START RECORDS SUPPLIED

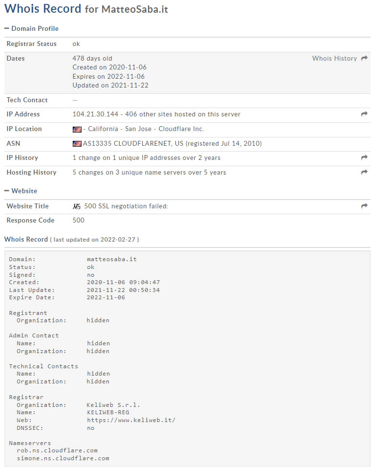 No non è un errore e non ho hackerato il grande database. Semplicemente quando ho registrato “matteosaba.it” presso Keliweb, ho scelto l’opzione per nascondere i dati personali per privacy. Alcuni consentono di farlo per determinate estensioni come i “.it”.
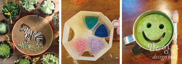 아이가 놀이를 통해 창의력을 키우기를 바라는 젊은 엄마들에게 인기다. 외관은 고급스러운 분위기의 카페지만, 내부에 들어서면 아이들 천국이다. 엄마가 커피나 차를 주문하고 아이들은 원하는 크래프트 키트를 주문하면, 어디서도 경험하지 못했던 창작 활동을 선생님과 함께 체험할 수 있다. 이곳의 크래프트 활동은 단순한 미술활동이 아니다. 라면과 파스타, 솔방울, 조개껍데기 등 일상에서 만나는 모든 것이 창작활동의 재료다. 아이가 전지 위에 누우면 엄마가 몸을 따라 아이의 형상을 그려주고 아이는 종이 위 자신의 몸을 색칠하는 마이 보디페인팅 (My Body Painting)도 즐겁다. 크래프트 코너에는 작업용 티셔츠가 준비되어 있고 사용하는 모든 물감과 풀은 어린이 전용 무독성 제품이니 걱정 끝. 아이가 좋아한다면 그래프트 클래스를 신청할 수 있다. 영어로 하는 ‘노랑 크래프트’ 클래스, ‘아티스트 미술’ 클래스가 운영되고 있고, ‘쿠킹 아트’ 클래스, ‘우쿨렐레’ 클래스도 인기다. 대부분 6명 정원으로 4~6주간 주 1회 진행된다(12만원).
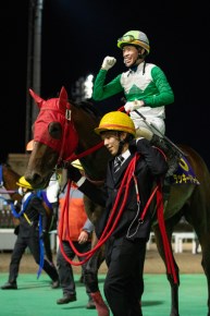 乗り手に従順で、乗りやすい馬です。レース前からハイペースが想定できましたので、じっくり構えていこうと思っていました。外から何か来ていたのは感じていたので、最後まで気を緩めず、しっかり追いましたが、勝利を確信した瞬間は、本当に嬉しかったです。今後の成長も楽しみです。
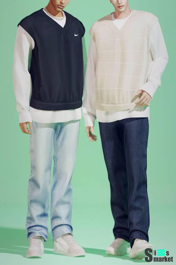 Оверсайз лонгслив + свободный вязанный жилет (30 ц.в.) и широкие джинсы с реалистичный текстурой (15 ц.в.). Доступно для мужчин. Проверено на лицензионной версии: 1.93.146.1020
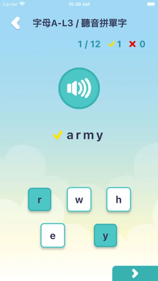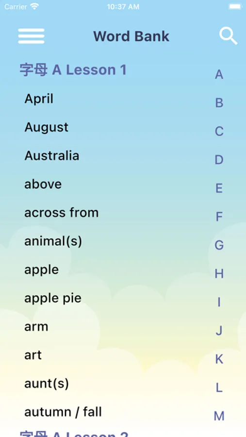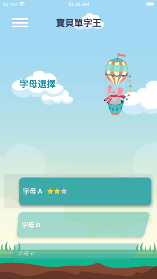 APP 內Word Bank及關卡以字母為排序,讓基礎字彙可以依順序學習,也可以快速找到自己想要的單字。
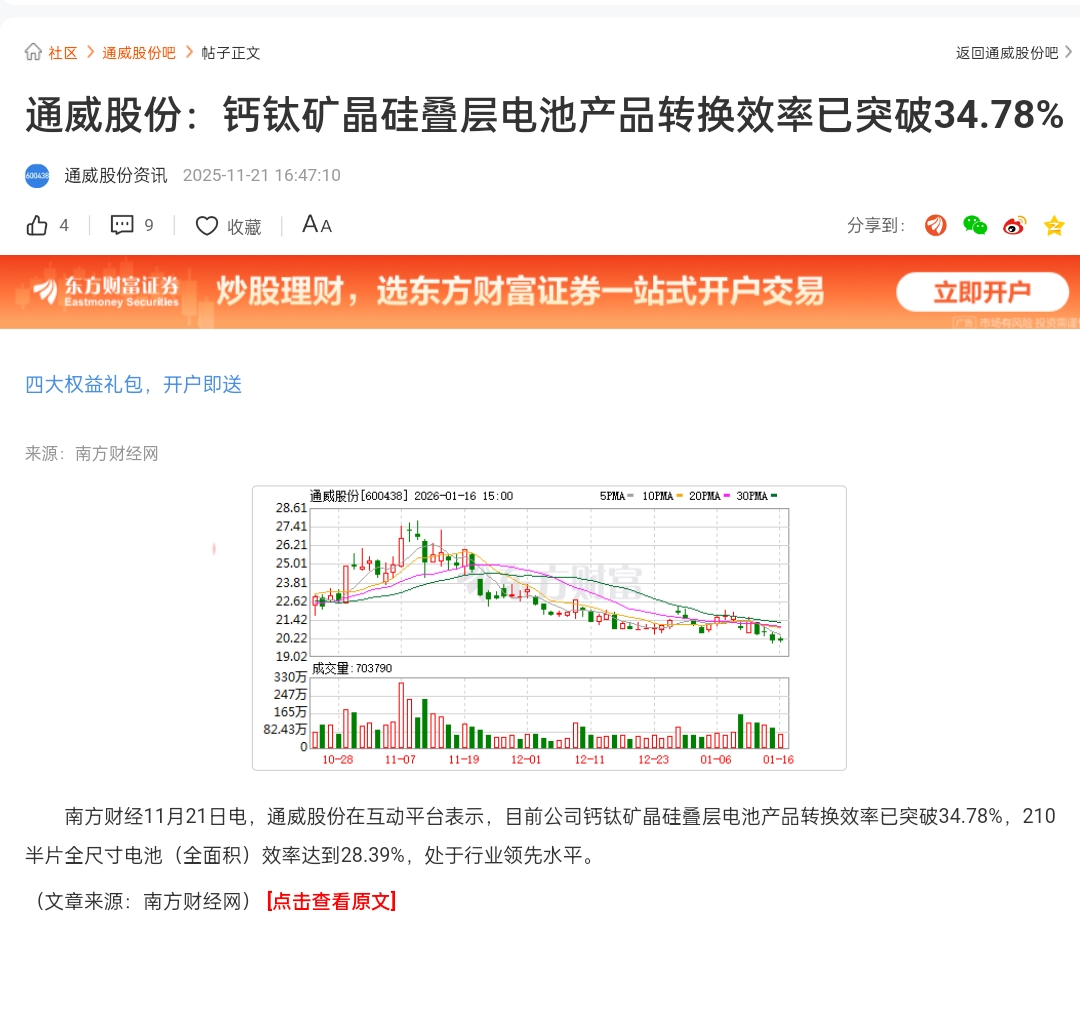 【通威股份】一一的太空光伏电池一一钙钛矿晶光伏电池,处于行业领先水平——却不涨…
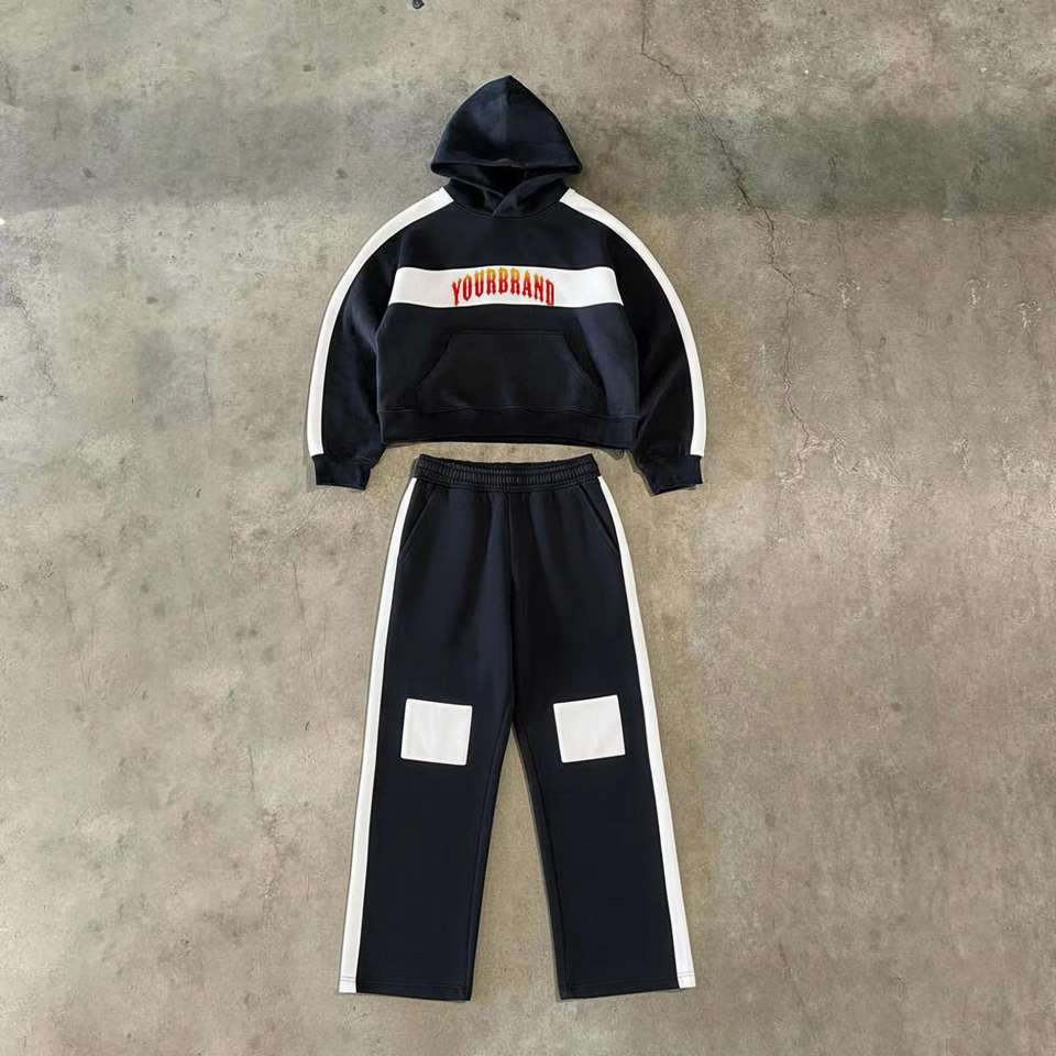 Ensemble de survêtement pour homme de haute qualité, 2 pièces, sur mesure, sweat-shirt à capuche et pantalon de survêtement à jambe droite, style streetwear, sport, 100% polyester, taille surdimensionnée
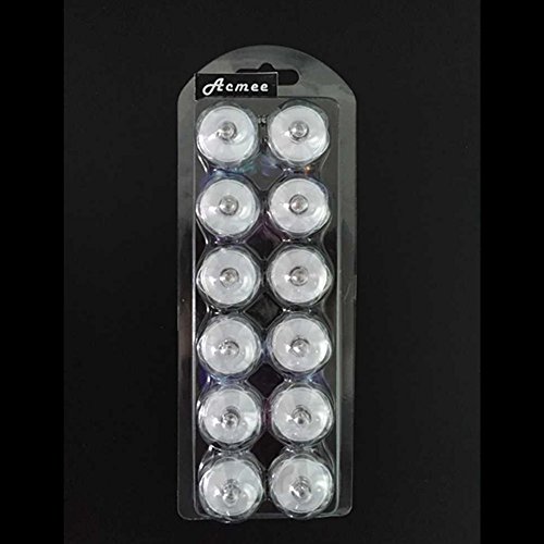 Acmee Acrylic Flower Shape Mini LED Submersible Vase Light Underwater Waterproof Tealight for Wedding Party Home (White, Pack of 12)
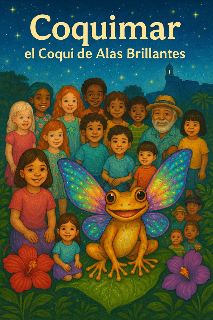 Durante un temblor suave, un pequeño frasco de brillo mágico cayó al suelo, y de él nació un coquí diferente: con alas luminosas, alma curiosa y un deseo profundo de encontrar su lugar en el mundo.
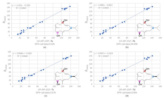 Regression analysis of experimental vs. calculated 13C NMR chemical shifts of (a) (1S*,4R*,10R*)-7a, (b) (1S*,4R*,10S*)-7b, (c) (1R*,4R*,10S*)-7c, and (d) (1R*,4R*,10R*)-7d at the PCM/mPW1PW91/6-31 + G** level, using the DP4+ method.
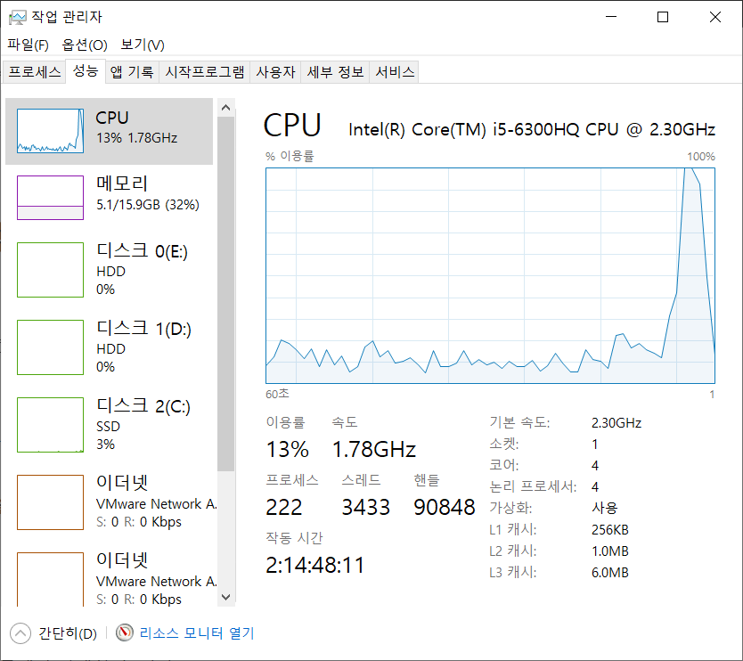 디스크 사용률이 100%(ctrl+alt+del -작업관리자-성능에서 확인 가능.)로 고정되는 문제이다.
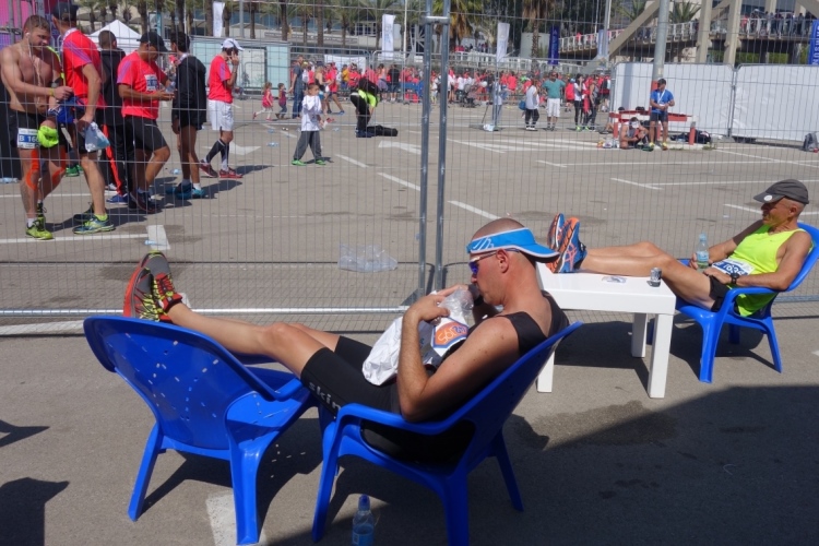 Kurz vor dem Ziel muss ich die Strecke mit dem Fahrrad verlassen. Ich gebe den Drahtesel bei der extra temporär errichteten Fahrradstation in Aufbewahrung und schlage mich zur Ziellinie durch. Das ist nicht so einfach. 20 Minuten später stehe ich am Ziel und sehe freudestrahlend Läufer ins Ziel kommen. Im Ziel und im Regenerationsbereich sehe ich lauter zufriedene Gesichter, von denen die Hälfte ein Ohr am Telefon hat.

END RECORDS SUPPLIED

Give the records above again in full and exactly, but exclude every picture.

#### EXERCISE SOLUTION:
 No non è un errore e non ho hackerato il grande database. Semplicemente quando ho registrato “matteosaba.it” presso Keliweb, ho scelto l’opzione per nascondere i dati personali per privacy. Alcuni consentono di farlo per determinate estensioni come i “.it”.
 아이가 놀이를 통해 창의력을 키우기를 바라는 젊은 엄마들에게 인기다. 외관은 고급스러운 분위기의 카페지만, 내부에 들어서면 아이들 천국이다. 엄마가 커피나 차를 주문하고 아이들은 원하는 크래프트 키트를 주문하면, 어디서도 경험하지 못했던 창작 활동을 선생님과 함께 체험할 수 있다. 이곳의 크래프트 활동은 단순한 미술활동이 아니다. 라면과 파스타, 솔방울, 조개껍데기 등 일상에서 만나는 모든 것이 창작활동의 재료다. 아이가 전지 위에 누우면 엄마가 몸을 따라 아이의 형상을 그려주고 아이는 종이 위 자신의 몸을 색칠하는 마이 보디페인팅 (My Body Painting)도 즐겁다. 크래프트 코너에는 작업용 티셔츠가 준비되어 있고 사용하는 모든 물감과 풀은 어린이 전용 무독성 제품이니 걱정 끝. 아이가 좋아한다면 그래프트 클래스를 신청할 수 있다. 영어로 하는 ‘노랑 크래프트’ 클래스, ‘아티스트 미술’ 클래스가 운영되고 있고, ‘쿠킹 아트’ 클래스, ‘우쿨렐레’ 클래스도 인기다. 대부분 6명 정원으로 4~6주간 주 1회 진행된다(12만원).
 乗り手に従順で、乗りやすい馬です。レース前からハイペースが想定できましたので、じっくり構えていこうと思っていました。外から何か来ていたのは感じていたので、最後まで気を緩めず、しっかり追いましたが、勝利を確信した瞬間は、本当に嬉しかったです。今後の成長も楽しみです。
 Оверсайз лонгслив + свободный вязанный жилет (30 ц.в.) и широкие джинсы с реалистичный текстурой (15 ц.в.). Доступно для мужчин. Проверено на лицензионной версии: 1.93.146.1020
 APP 內Word Bank及關卡以字母為排序,讓基礎字彙可以依順序學習,也可以快速找到自己想要的單字。
 【通威股份】一一的太空光伏电池一一钙钛矿晶光伏电池,处于行业领先水平——却不涨…
 Ensemble de survêtement pour homme de haute qualité, 2 pièces, sur mesure, sweat-shirt à capuche et pantalon de survêtement à jambe droite, style streetwear, sport, 100% polyester, taille surdimensionnée
 Acmee Acrylic Flower Shape Mini LED Submersible Vase Light Underwater Waterproof Tealight for Wedding Party Home (White, Pack of 12)
 Durante un temblor suave, un pequeño frasco de brillo mágico cayó al suelo, y de él nació un coquí diferente: con alas luminosas, alma curiosa y un deseo profundo de encontrar su lugar en el mundo.
 Regression analysis of experimental vs. calculated 13C NMR chemical shifts of (a) (1S*,4R*,10R*)-7a, (b) (1S*,4R*,10S*)-7b, (c) (1R*,4R*,10S*)-7c, and (d) (1R*,4R*,10R*)-7d at the PCM/mPW1PW91/6-31 + G** level, using the DP4+ method.
 디스크 사용률이 100%(ctrl+alt+del -작업관리자-성능에서 확인 가능.)로 고정되는 문제이다.
 Kurz vor dem Ziel muss ich die Strecke mit dem Fahrrad verlassen. Ich gebe den Drahtesel bei der extra temporär errichteten Fahrradstation in Aufbewahrung und schlage mich zur Ziellinie durch. Das ist nicht so einfach. 20 Minuten später stehe ich am Ziel und sehe freudestrahlend Läufer ins Ziel kommen. Im Ziel und im Regenerationsbereich sehe ich lauter zufriedene Gesichter, von denen die Hälfte ein Ohr am Telefon hat.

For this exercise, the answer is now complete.